Я проснулся от того, что у меня сильно замерз нос. Входная дверь была распахнута настежь, и дождь заливал прихожую. А прямо напротив меня стоял дед, его глаза были открыты так же широко, как у Дэни, когда он разбудил меня из-за стула:

– Лео, где твой брат?…

***

Стыдно признаться, но Дэни, как правило, всегда оказывался прав. Он выигрывал практически в каждом споре. И именно поэтому я никогда с ним не соглашался.

Давай не будем, собака может сорваться с цепи.

И она срывалась.

Лодка такая старая, наверняка она пропускает воду, давай не поплывем.

И лодка тонула, мы нахлебывались воды, а соседи вылавливали нас из озера большими сачками.

У дерева такие сухие ветки, давай не полезем, обломаются.

И они обламывались, а мы с треском падали на землю.

Он был не в восторге и от похода в поместье Бьерков, но мы все равно пошли.

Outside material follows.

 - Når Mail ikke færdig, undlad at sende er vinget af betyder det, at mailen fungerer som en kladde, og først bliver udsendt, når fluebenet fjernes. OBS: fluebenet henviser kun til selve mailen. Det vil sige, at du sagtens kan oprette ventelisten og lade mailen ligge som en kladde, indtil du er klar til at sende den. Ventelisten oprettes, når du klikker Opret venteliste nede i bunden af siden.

И как бы ни было стыдно признаваться себе, и в этот раз он мог оказаться…

«Где твой брат?!»

Я не сразу уловил смысл слов. И потом на опознании офицер задавал мне этот же самый вопрос, и в ушах он почему-то отдавался голосом деда. Но ответа у меня не было, ни тогда, ни позднее. Все, что приходило в голову: «Я что сторож брату моему…».

Дождь лил так сильно, что казалось, будто бы стоишь под водопадом. Капли были большими, тяжелыми и холодными. Гравийка закончилась довольно быстро, а дальше только грязь – чавкающая, тягучая. Я старался бежать как можно быстрее, но каждый шаг давался с огромным трудом, такое ощущение встречается в ночных кошмарах, когда ноги наливаются свинцом. Я уже не слышал криков деда где-то за спиной, а может он остался сбоку, я так часто сворачивал, что уже не различал направления. Он звал меня, звал Дэни, но объяснять было бы слишком долго, слишком сложно. Поэтому я побежал. Я совершенно точно знал, куда надо бежать. Вот только дорога казалась намного длиннее, чем ещё шесть дней назад.

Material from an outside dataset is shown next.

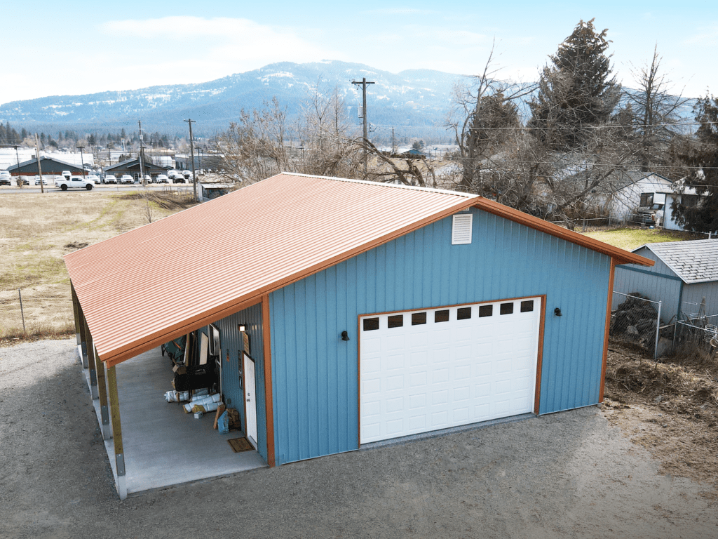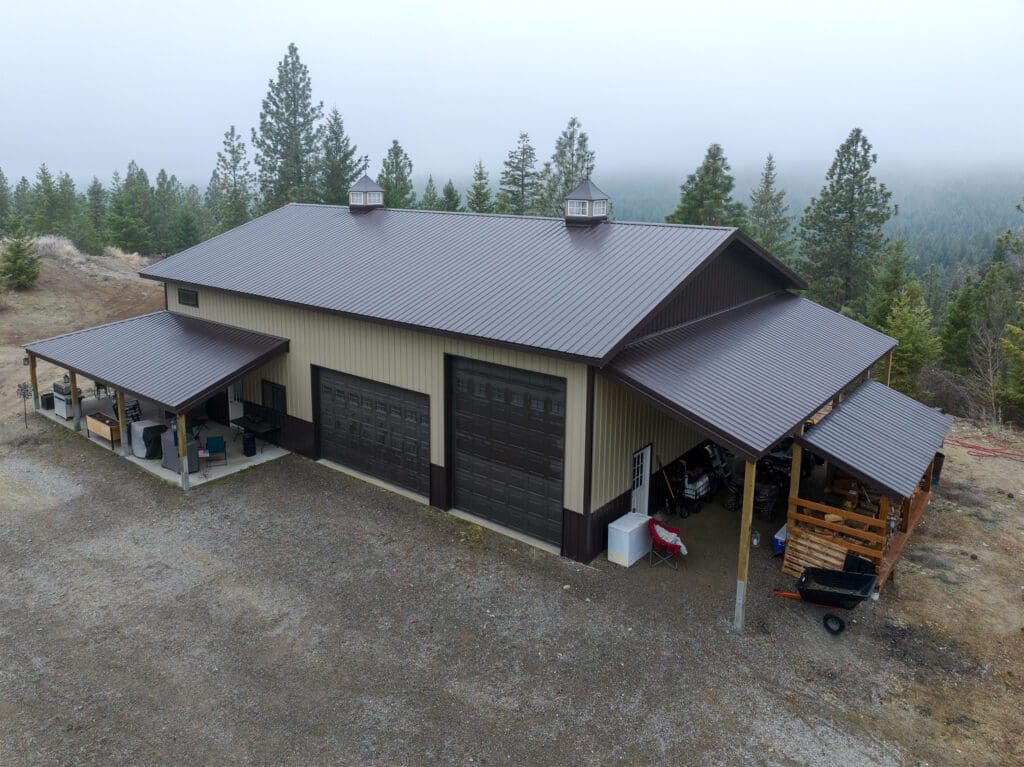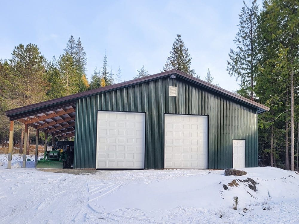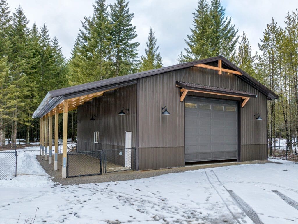 #14190 – 40x60x16 Residential Shop with Open Lean-To and Custom Timber Truss in Bonner County, ID Find out more

С последнего холма я скатился кубарем. Ступня подвернулась, а глинистая земля просто ушла из-под ног. Бровь я рассек второй раз за неделю. Я промок даже не до нитки, до костей, до костного мозга, но было все равно жарко. Дождевая вода смешалась с потом и струями стекала по спине.

– Дэни! Ты где? – Я пытался кричать, но дождь поглощал все прочие звуки.

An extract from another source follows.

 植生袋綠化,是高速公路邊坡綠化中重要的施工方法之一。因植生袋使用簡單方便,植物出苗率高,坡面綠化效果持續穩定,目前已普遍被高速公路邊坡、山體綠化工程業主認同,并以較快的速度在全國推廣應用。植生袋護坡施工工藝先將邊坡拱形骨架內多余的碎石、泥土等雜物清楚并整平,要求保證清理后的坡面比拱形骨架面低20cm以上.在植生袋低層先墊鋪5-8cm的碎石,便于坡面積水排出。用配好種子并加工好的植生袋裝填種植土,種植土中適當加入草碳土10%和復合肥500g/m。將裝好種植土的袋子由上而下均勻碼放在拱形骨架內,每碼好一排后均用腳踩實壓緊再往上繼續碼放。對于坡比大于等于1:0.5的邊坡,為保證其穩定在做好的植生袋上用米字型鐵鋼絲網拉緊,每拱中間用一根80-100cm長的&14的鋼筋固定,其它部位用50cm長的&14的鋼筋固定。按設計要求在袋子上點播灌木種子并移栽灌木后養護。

Запах гнили и плесени в поместье усилился. Капли стучали по черепице так неистово, что вполне верилось, будто бы они, а не пожар, понаделали в ней кучу дыр и даже сломали потолочные перекладины.

Дэни стоял у входа в подвал, спиной ко мне. Грязь толстым слоем облепила штанины почти до колен, а рукав рубашки порвался. Он стоял не шевелясь, а мне нечего было сказать. Мы просто одновременно сделали наш первый шаг и стали молча спускаться по лестнице. Ливень шумел, как помехи на радио. Мы шли медленно. Ни рыка. Ни стона. Ни шепота. Тишина. И ещё свет фонарика, который Дэни вытащил из кармана. Ступени закончились, а коридор продолжал идти под уклон. Ноги скользили, я снова подвернул ступню.